4.2. Following the publication of Valaria’s draft laws, Danizian exporters of cosmetic products
contacted the Chemicals Export Promotion Board expressing concerns that the Valarian labelling
and tax measures were more burdensome than necessary to achieve the objectives allegedly
pursued by them. Having considered these concerns, Danizia sent written comments in response
to Valaria’s notification to the TBT Committee, requesting it to reconsider its laws on animal
testing. In particular, Danizia questioned the inclusion of cephalopods within the scope of the
Draft Ethical Cosmetics Act 2021. Danizia cited research suggesting that there is not sufficient
evidence of disease in cephalopods and their sensitivity to pain. Danizia further noted that the
Draft Ethical Cosmetics Act 2021 arbitrarily equated humane and inhumane animal testing
conditions without consideration for the fact that the former adequately balanced animal welfare
concerns with the advancement of scientific research.

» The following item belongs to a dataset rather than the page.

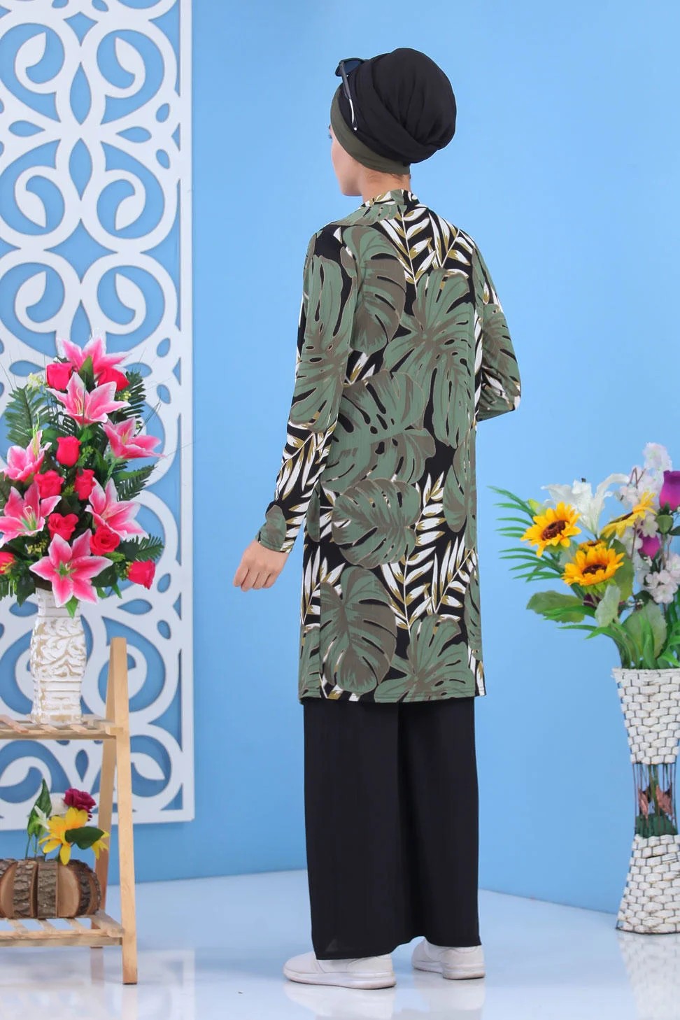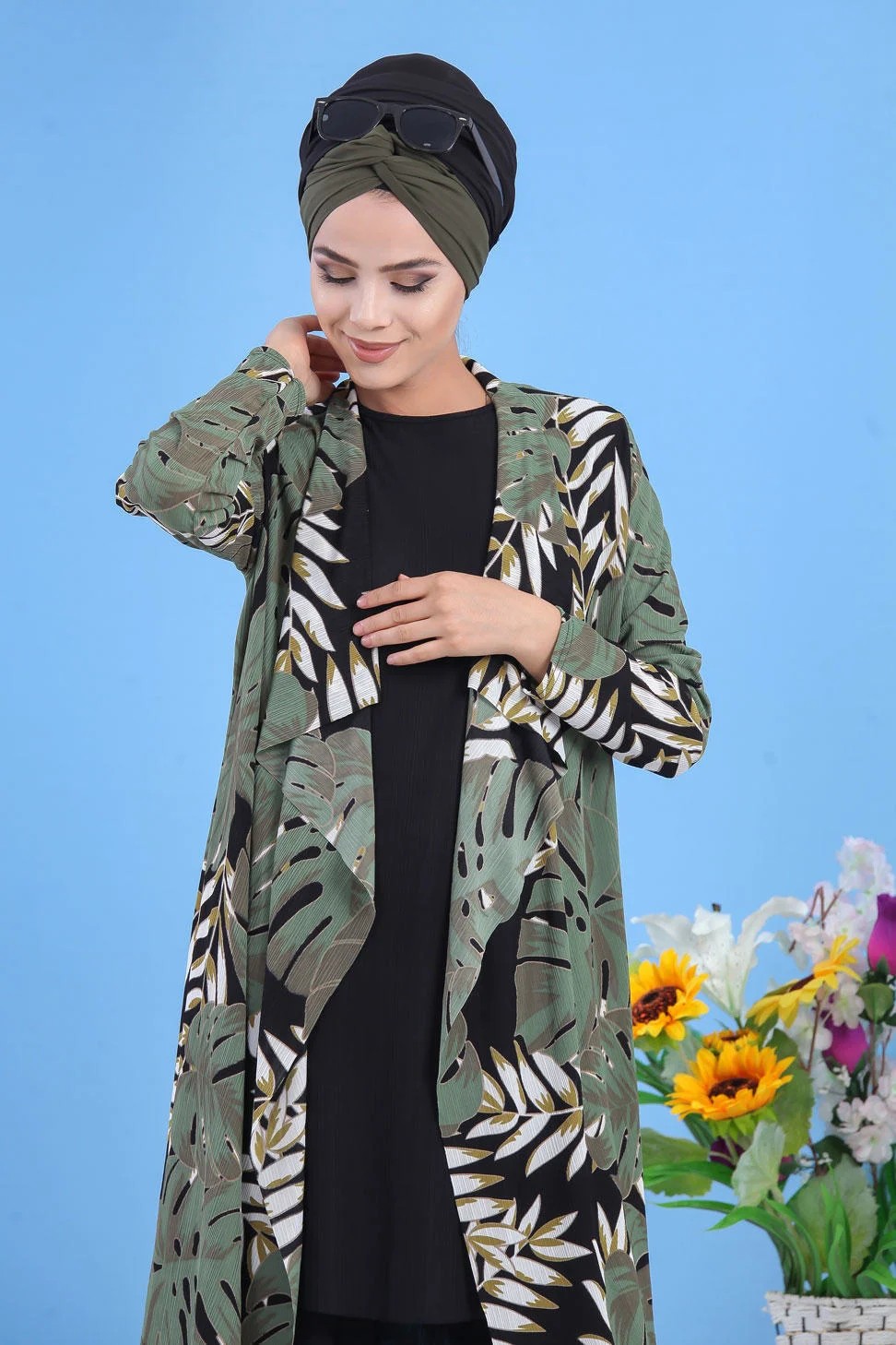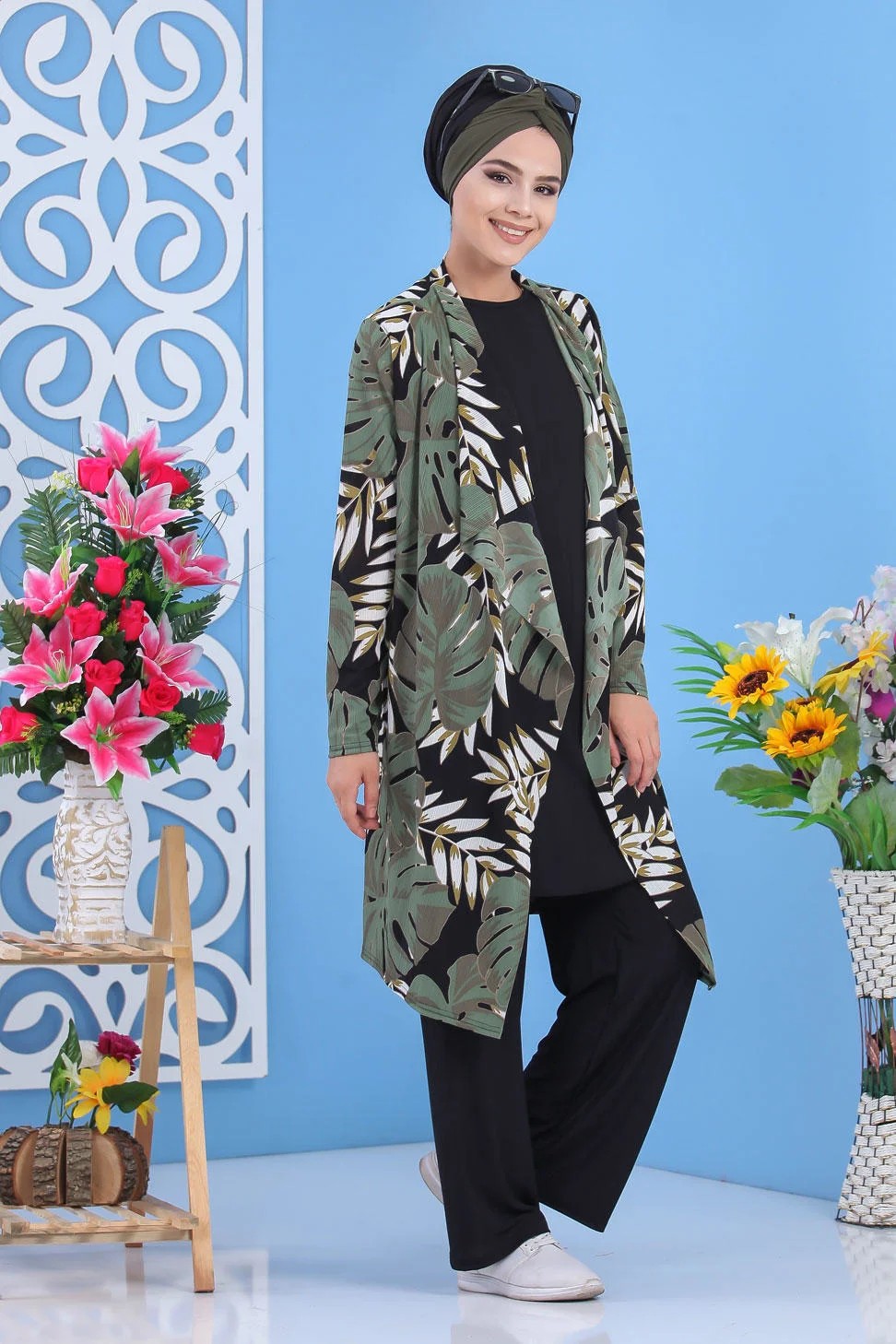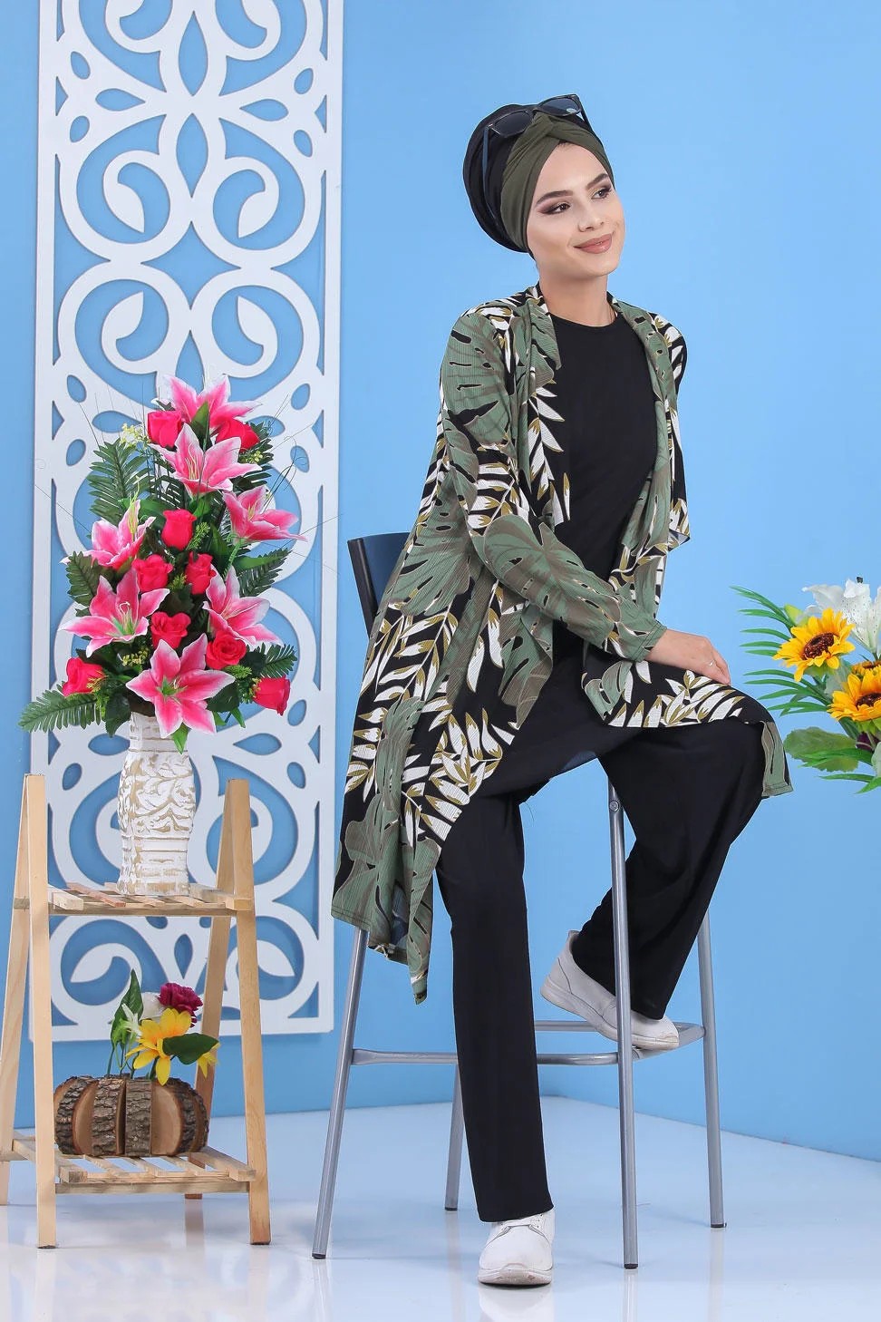 Ensemble trois pièces se composant d'un haut sans manches, col rond, d'un gilet long imprimé col châle, fluide et élégant, et d'un pantalon, taille élastique. Cet ensemble tendance vous permettra d'avoir un look parfait.

4.3. On 17 October 2021, Valaria enacted the Ethical Cosmetics Act 2021 and the Sustainable
Taxation (Amendment) Act 2021. The two Acts were notified in the Federal Register on the same
day and were identical to the draft versions published earlier that year. With this notification,
Valaria also published a list of certification bodies accredited under Section 8(2) of the Ethical
Cosmetics Act 2021. The list contained the names of 11 Valarian entities. By December 2021,
Valaria had accredited multiple certification agencies in countries with similarly progressive animal
testing legislations. Additionally, it has also accredited seven renowned regional agencies
specialised in cosmetics research, with a view to encompass all of the world’s geographical regions.
Valaria is currently reviewing the application for accreditation filed by Danizia’s CosLab Agency,
a Danizian accredited certification body. Valaria has not accredited any other certification body in
Danizia.

4.4. Danizia, seeking an amicable solution to this matter, initiated consultations with Valaria under
Article 4 of the Understanding on Rules and Procedures Governing the Settlement of Disputes
(DSU) and Article XXII of the General Agreement on Tariffs and Trade 1994 (GATT 1994).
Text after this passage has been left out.